What to work on: Starting with the line that has "When all the" in the records below and stopping after the line that has "без фізичного навантаження.", output every line exactly and nothing else; skip pictures.

Supplied material:
***
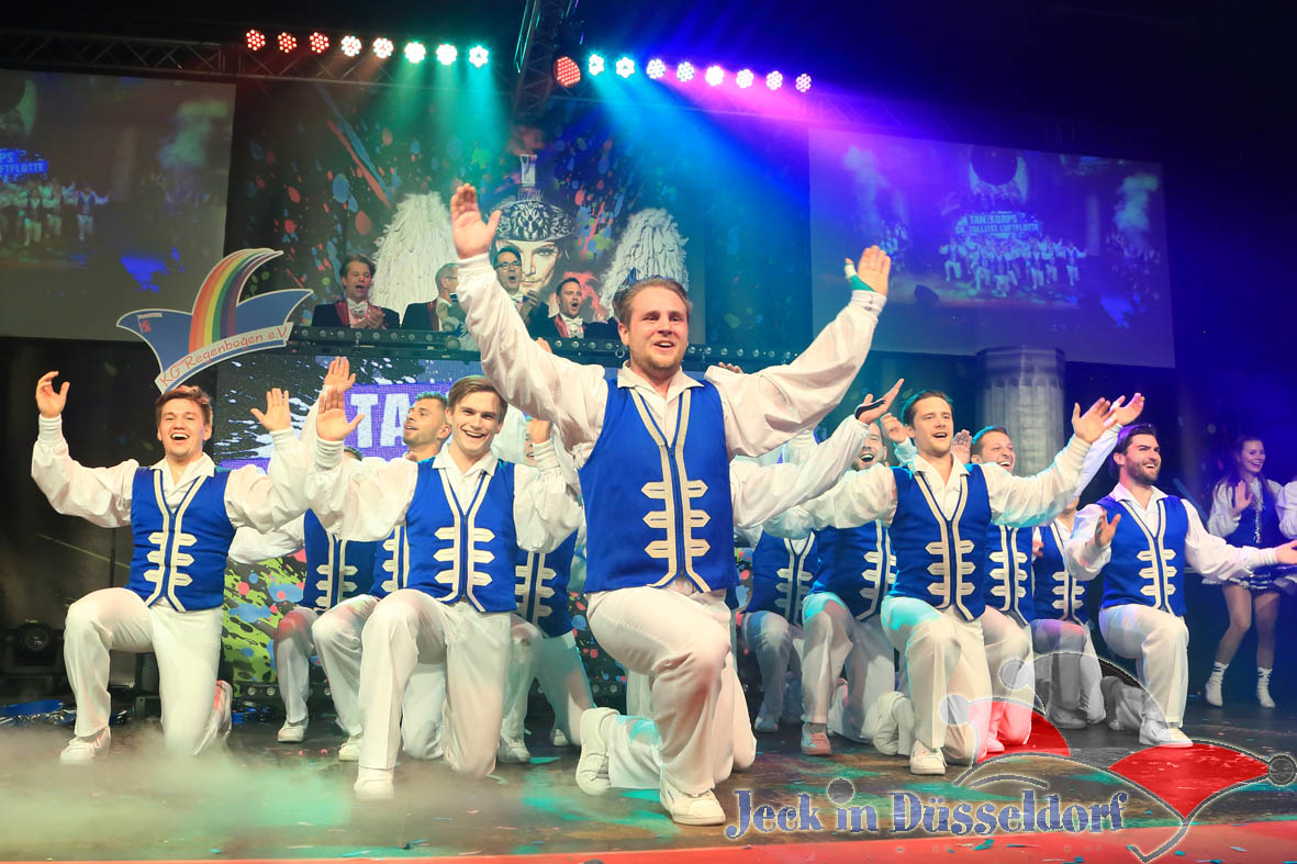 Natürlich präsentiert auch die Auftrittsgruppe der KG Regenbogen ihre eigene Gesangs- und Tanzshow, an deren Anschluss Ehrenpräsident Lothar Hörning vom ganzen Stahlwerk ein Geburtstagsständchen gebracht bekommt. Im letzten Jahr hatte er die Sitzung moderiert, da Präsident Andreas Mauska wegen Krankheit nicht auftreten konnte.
***
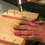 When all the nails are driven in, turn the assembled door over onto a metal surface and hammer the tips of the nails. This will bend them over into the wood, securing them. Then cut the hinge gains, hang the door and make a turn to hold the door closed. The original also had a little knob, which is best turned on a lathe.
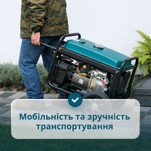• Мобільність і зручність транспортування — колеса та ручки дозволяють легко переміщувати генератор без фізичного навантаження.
***
Written solution:
 When all the nails are driven in, turn the assembled door over onto a metal surface and hammer the tips of the nails. This will bend them over into the wood, securing them. Then cut the hinge gains, hang the door and make a turn to hold the door closed. The original also had a little knob, which is best turned on a lathe.
• Мобільність і зручність транспортування — колеса та ручки дозволяють легко переміщувати генератор без фізичного навантаження.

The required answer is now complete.